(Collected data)

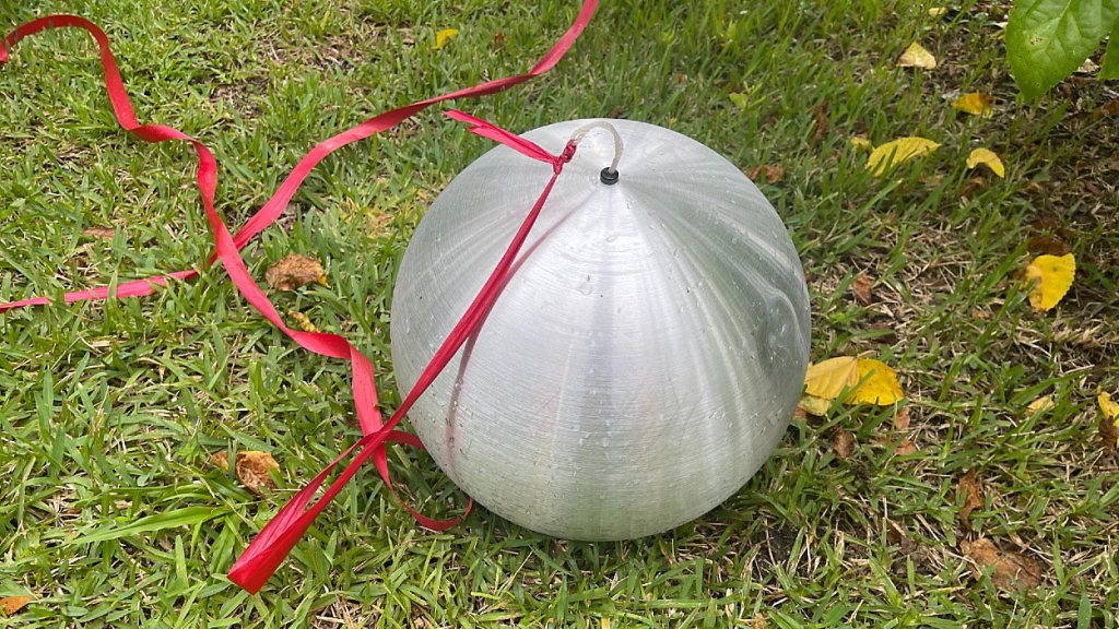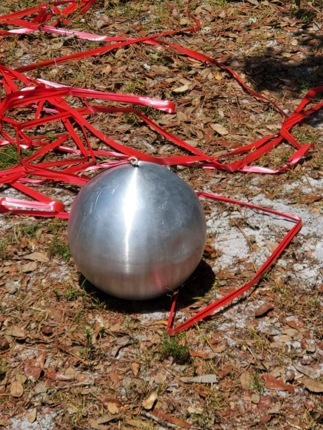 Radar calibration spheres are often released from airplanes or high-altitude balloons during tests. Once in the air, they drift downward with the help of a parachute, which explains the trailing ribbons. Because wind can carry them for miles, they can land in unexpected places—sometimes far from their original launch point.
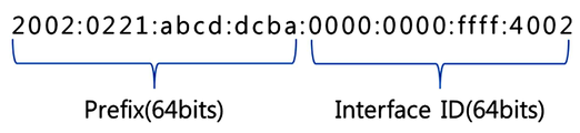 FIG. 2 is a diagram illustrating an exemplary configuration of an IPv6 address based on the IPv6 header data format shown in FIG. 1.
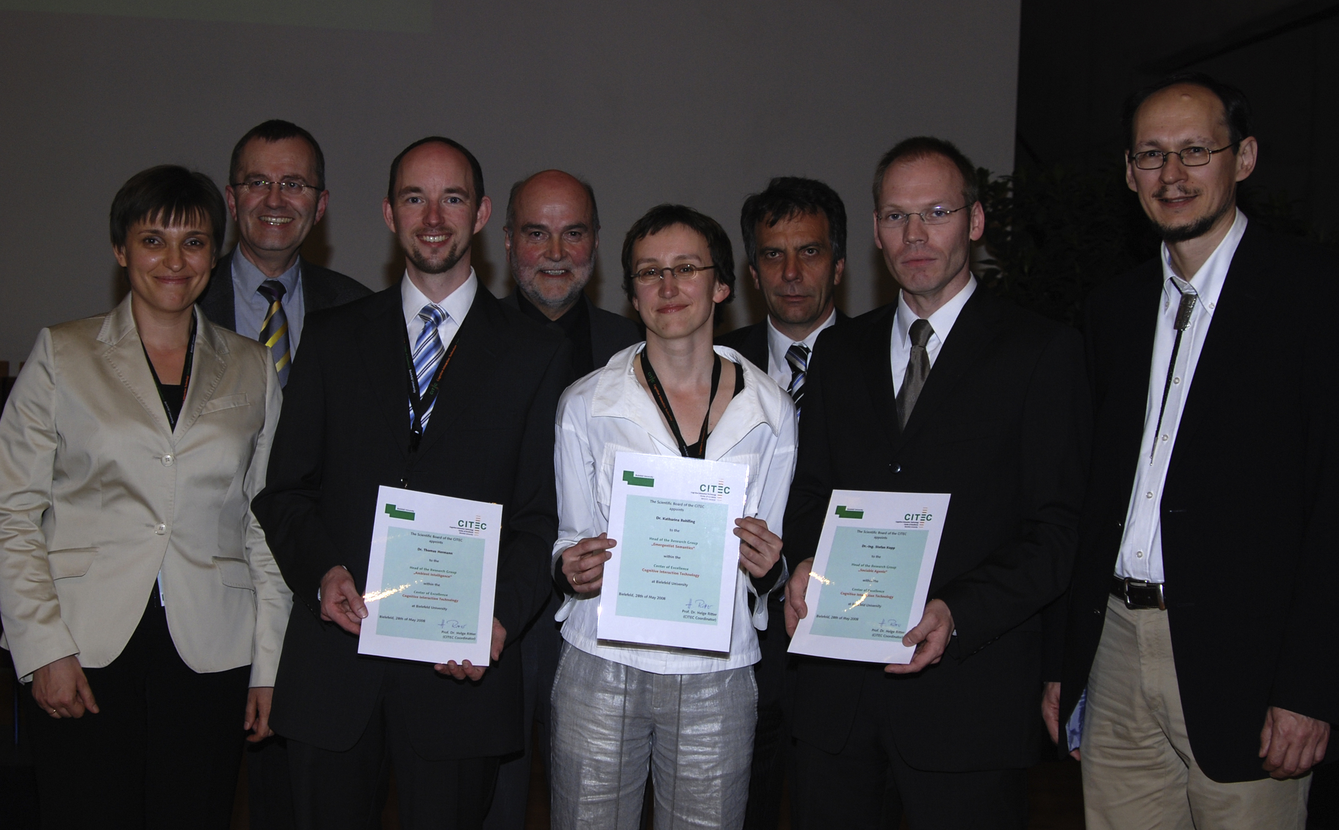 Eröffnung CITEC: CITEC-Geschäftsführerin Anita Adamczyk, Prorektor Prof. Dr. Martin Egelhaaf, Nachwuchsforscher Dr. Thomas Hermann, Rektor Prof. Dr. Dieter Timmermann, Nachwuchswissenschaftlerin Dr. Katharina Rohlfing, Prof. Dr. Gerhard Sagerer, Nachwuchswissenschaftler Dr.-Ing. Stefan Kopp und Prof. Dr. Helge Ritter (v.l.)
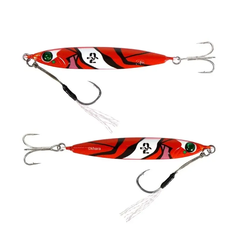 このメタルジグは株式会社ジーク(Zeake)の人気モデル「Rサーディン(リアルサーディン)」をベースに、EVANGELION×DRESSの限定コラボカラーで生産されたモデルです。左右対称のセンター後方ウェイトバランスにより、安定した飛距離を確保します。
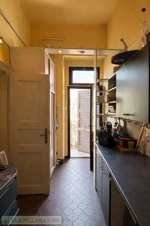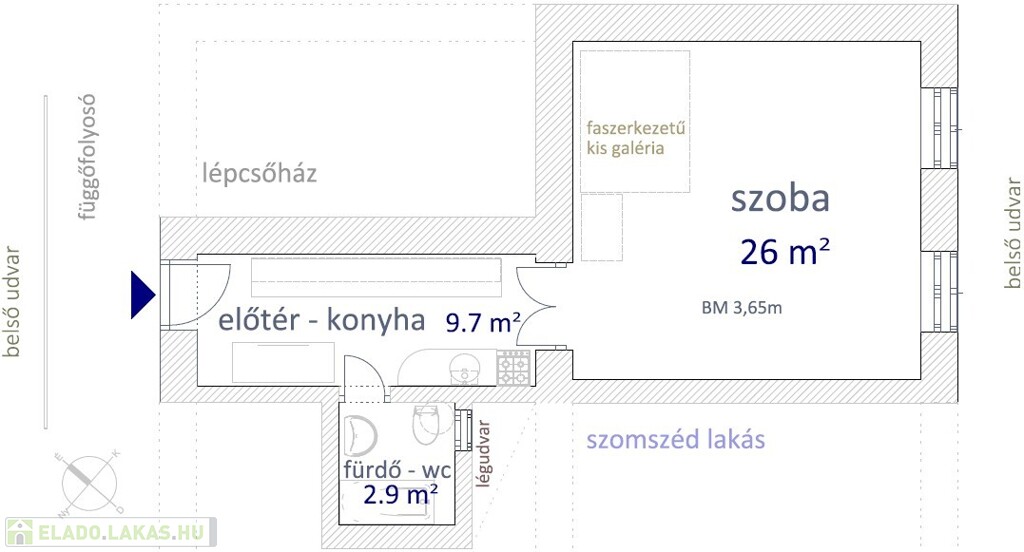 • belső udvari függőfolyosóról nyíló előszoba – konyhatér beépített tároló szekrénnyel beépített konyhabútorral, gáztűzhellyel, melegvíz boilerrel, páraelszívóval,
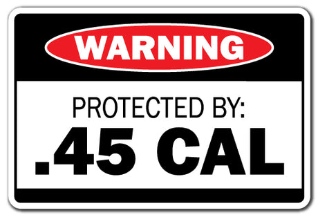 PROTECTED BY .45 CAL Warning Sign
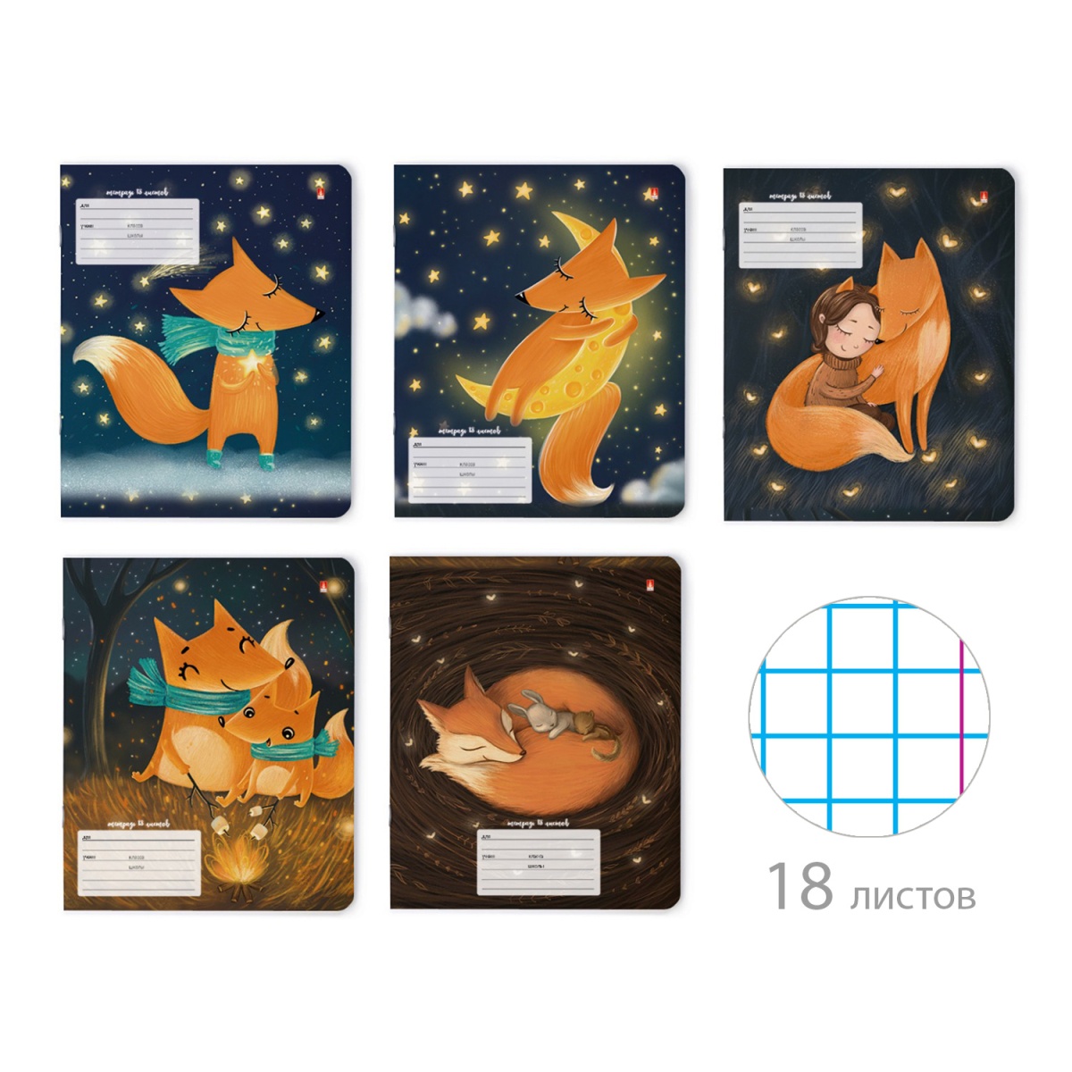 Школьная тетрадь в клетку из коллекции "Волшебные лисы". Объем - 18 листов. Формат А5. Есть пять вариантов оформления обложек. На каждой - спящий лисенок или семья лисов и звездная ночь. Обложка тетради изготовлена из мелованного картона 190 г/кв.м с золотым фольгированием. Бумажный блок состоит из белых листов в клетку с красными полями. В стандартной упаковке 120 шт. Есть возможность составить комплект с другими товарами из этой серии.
...
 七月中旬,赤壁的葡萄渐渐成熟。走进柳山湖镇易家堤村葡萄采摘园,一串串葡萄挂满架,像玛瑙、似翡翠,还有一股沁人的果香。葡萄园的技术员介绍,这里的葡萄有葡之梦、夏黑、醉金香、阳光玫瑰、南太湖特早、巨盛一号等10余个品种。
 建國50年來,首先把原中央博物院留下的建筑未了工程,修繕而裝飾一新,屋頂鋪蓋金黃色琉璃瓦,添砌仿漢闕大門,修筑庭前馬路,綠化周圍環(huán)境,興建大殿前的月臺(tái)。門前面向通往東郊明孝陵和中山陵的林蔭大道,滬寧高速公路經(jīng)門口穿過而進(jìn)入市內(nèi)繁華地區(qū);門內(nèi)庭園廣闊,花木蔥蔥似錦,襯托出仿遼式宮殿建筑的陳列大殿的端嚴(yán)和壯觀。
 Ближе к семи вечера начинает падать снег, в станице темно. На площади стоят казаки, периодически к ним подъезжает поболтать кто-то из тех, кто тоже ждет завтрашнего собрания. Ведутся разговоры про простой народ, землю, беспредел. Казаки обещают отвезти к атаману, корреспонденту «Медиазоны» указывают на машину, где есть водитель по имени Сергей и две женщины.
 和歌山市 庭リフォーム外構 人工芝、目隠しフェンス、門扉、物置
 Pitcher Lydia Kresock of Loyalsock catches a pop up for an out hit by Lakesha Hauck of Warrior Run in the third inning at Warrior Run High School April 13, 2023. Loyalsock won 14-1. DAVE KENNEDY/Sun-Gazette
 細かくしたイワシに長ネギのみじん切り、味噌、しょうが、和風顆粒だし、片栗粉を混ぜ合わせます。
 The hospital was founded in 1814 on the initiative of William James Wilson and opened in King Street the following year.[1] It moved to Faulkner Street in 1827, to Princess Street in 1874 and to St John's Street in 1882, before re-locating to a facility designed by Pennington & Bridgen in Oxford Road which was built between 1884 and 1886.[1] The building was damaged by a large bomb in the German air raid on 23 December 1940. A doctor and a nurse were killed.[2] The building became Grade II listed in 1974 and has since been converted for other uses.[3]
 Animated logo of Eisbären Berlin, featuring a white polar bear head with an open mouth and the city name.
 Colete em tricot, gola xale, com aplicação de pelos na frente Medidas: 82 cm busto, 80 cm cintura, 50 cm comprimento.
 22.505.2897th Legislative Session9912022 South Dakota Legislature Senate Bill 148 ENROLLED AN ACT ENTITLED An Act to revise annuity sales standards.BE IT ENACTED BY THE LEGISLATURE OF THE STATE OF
---
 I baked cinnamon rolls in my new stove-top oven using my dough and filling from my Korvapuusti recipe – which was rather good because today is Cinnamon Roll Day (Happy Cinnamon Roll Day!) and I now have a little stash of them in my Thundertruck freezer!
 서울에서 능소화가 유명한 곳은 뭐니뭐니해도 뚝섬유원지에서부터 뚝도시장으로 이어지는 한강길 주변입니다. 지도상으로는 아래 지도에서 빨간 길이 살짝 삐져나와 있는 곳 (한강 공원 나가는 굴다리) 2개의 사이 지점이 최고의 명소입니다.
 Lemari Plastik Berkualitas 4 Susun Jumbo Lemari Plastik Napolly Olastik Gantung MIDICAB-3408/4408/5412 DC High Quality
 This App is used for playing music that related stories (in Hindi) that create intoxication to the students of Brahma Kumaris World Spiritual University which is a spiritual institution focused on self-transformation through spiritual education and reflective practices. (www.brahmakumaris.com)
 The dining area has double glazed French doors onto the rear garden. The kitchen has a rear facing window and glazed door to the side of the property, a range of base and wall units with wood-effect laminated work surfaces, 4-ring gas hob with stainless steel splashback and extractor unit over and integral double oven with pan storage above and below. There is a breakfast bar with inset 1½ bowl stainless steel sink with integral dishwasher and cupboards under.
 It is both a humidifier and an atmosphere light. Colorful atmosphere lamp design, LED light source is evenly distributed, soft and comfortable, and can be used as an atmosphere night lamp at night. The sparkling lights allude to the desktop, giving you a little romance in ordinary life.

* WORK ORDER: Beginning at the line above that contains "七月中旬,赤壁的葡萄渐渐成熟", return each line exactly through the line that contains "22.505.2897th Legislative Session9912022", and no others.

* RESPONSE TO THE EXERCISE:
 七月中旬,赤壁的葡萄渐渐成熟。走进柳山湖镇易家堤村葡萄采摘园,一串串葡萄挂满架,像玛瑙、似翡翠,还有一股沁人的果香。葡萄园的技术员介绍,这里的葡萄有葡之梦、夏黑、醉金香、阳光玫瑰、南太湖特早、巨盛一号等10余个品种。
 建國50年來,首先把原中央博物院留下的建筑未了工程,修繕而裝飾一新,屋頂鋪蓋金黃色琉璃瓦,添砌仿漢闕大門,修筑庭前馬路,綠化周圍環(huán)境,興建大殿前的月臺(tái)。門前面向通往東郊明孝陵和中山陵的林蔭大道,滬寧高速公路經(jīng)門口穿過而進(jìn)入市內(nèi)繁華地區(qū);門內(nèi)庭園廣闊,花木蔥蔥似錦,襯托出仿遼式宮殿建筑的陳列大殿的端嚴(yán)和壯觀。
 Ближе к семи вечера начинает падать снег, в станице темно. На площади стоят казаки, периодически к ним подъезжает поболтать кто-то из тех, кто тоже ждет завтрашнего собрания. Ведутся разговоры про простой народ, землю, беспредел. Казаки обещают отвезти к атаману, корреспонденту «Медиазоны» указывают на машину, где есть водитель по имени Сергей и две женщины.
 和歌山市 庭リフォーム外構 人工芝、目隠しフェンス、門扉、物置
 Pitcher Lydia Kresock of Loyalsock catches a pop up for an out hit by Lakesha Hauck of Warrior Run in the third inning at Warrior Run High School April 13, 2023. Loyalsock won 14-1. DAVE KENNEDY/Sun-Gazette
 細かくしたイワシに長ネギのみじん切り、味噌、しょうが、和風顆粒だし、片栗粉を混ぜ合わせます。
 The hospital was founded in 1814 on the initiative of William James Wilson and opened in King Street the following year.[1] It moved to Faulkner Street in 1827, to Princess Street in 1874 and to St John's Street in 1882, before re-locating to a facility designed by Pennington & Bridgen in Oxford Road which was built between 1884 and 1886.[1] The building was damaged by a large bomb in the German air raid on 23 December 1940. A doctor and a nurse were killed.[2] The building became Grade II listed in 1974 and has since been converted for other uses.[3]
 Animated logo of Eisbären Berlin, featuring a white polar bear head with an open mouth and the city name.
 Colete em tricot, gola xale, com aplicação de pelos na frente Medidas: 82 cm busto, 80 cm cintura, 50 cm comprimento.
 22.505.2897th Legislative Session9912022 South Dakota Legislature Senate Bill 148 ENROLLED AN ACT ENTITLED An Act to revise annuity sales standards.BE IT ENACTED BY THE LEGISLATURE OF THE STATE OF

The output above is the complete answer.